Bell has been sculpting from metallic oddments for six or seven years, and his art sells for $1,000 and more.

See them for yourself at www.packergallery.com or visit the gallery at 942 W. Lake St. The show runs through Feb. 16. Bell’s phone is 847/853-0227.

FILMING IN WISCONSIN starts off with the $2.5 million “Blue World” from Chicagoan Michael Nehs’ Frontsight Productions, in Milwaukee. “The Violinist,” a $1 million film about Arab-Israeli immigrants, will film entirely in Green Bay on a college campus there.

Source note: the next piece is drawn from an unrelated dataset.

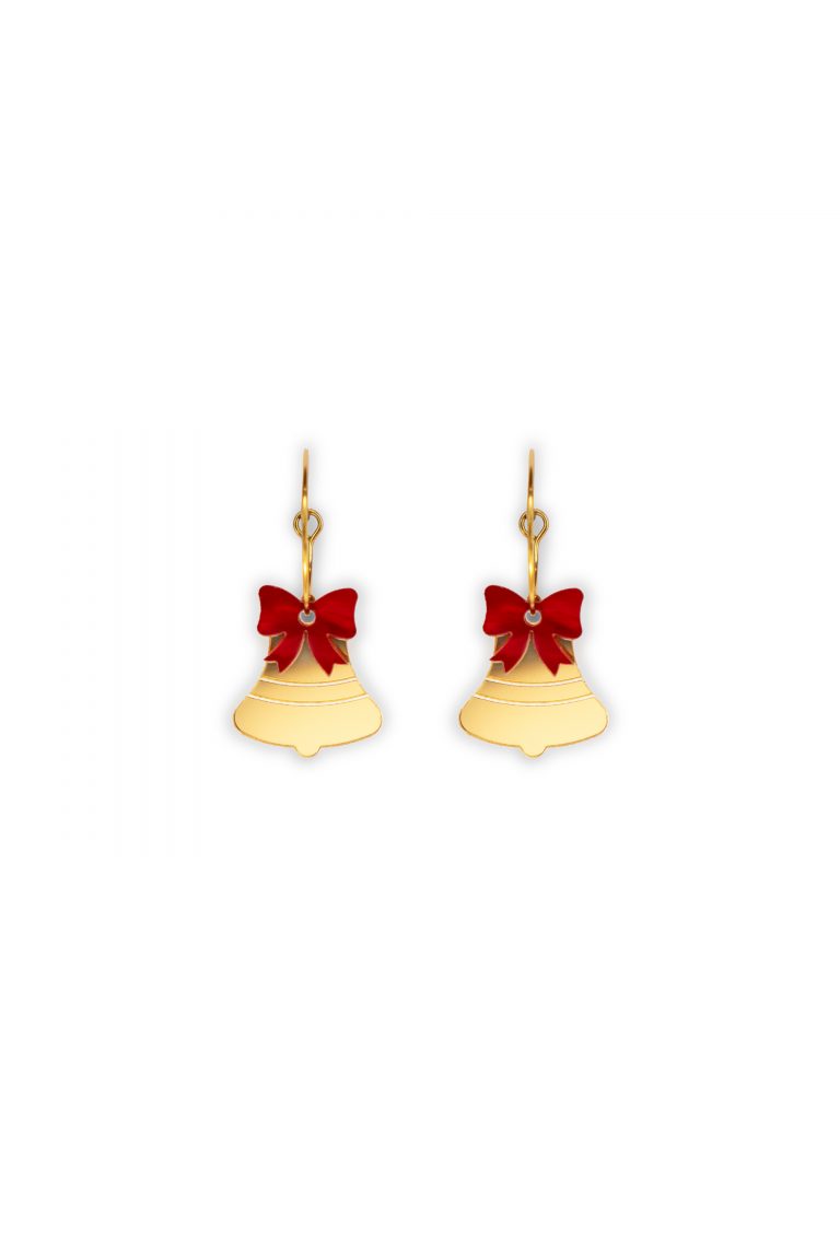 - 14,00€Pendientes de aro decorado con un lazo y una campana. Están realizados con metacrilato efecto espejo y efecto nácar. El perno o ‘palito’ es de acero inoxidable. Mide: Aro (Diámetro) Dorado- 2,5cm. Campana – 2cm.

One of the producers, Jay Schillinger, was formerly with Disney.

EDITORIAL EXPERTS who know about today’s fast-moving digital media creation industry are the panelists at the Avid Technology-sponsored “Mark Your Mark” event Jan. 31 at Flashpoint Academy.

Hear editors John Binder, Cutters; Mike LaBellarte, Outsider; Carlos Lowenstein, Whitehouse; Jon Adler, Daily Planet; and Sean Berringer tell what it takes to make it in the fast-moving digital media world. Optimus’ Tom Duff moderates. Avid account manager Kurt Krinke will welcome guests.

SIGNS OF THE TIMES Leo Burnett and DDB quietly downsized around 50 staffers in the past few weeks: Burnett let 30 people go and DDB, 20 … Out in L.A., editors who cut episodic TV shows are being laid off in droves.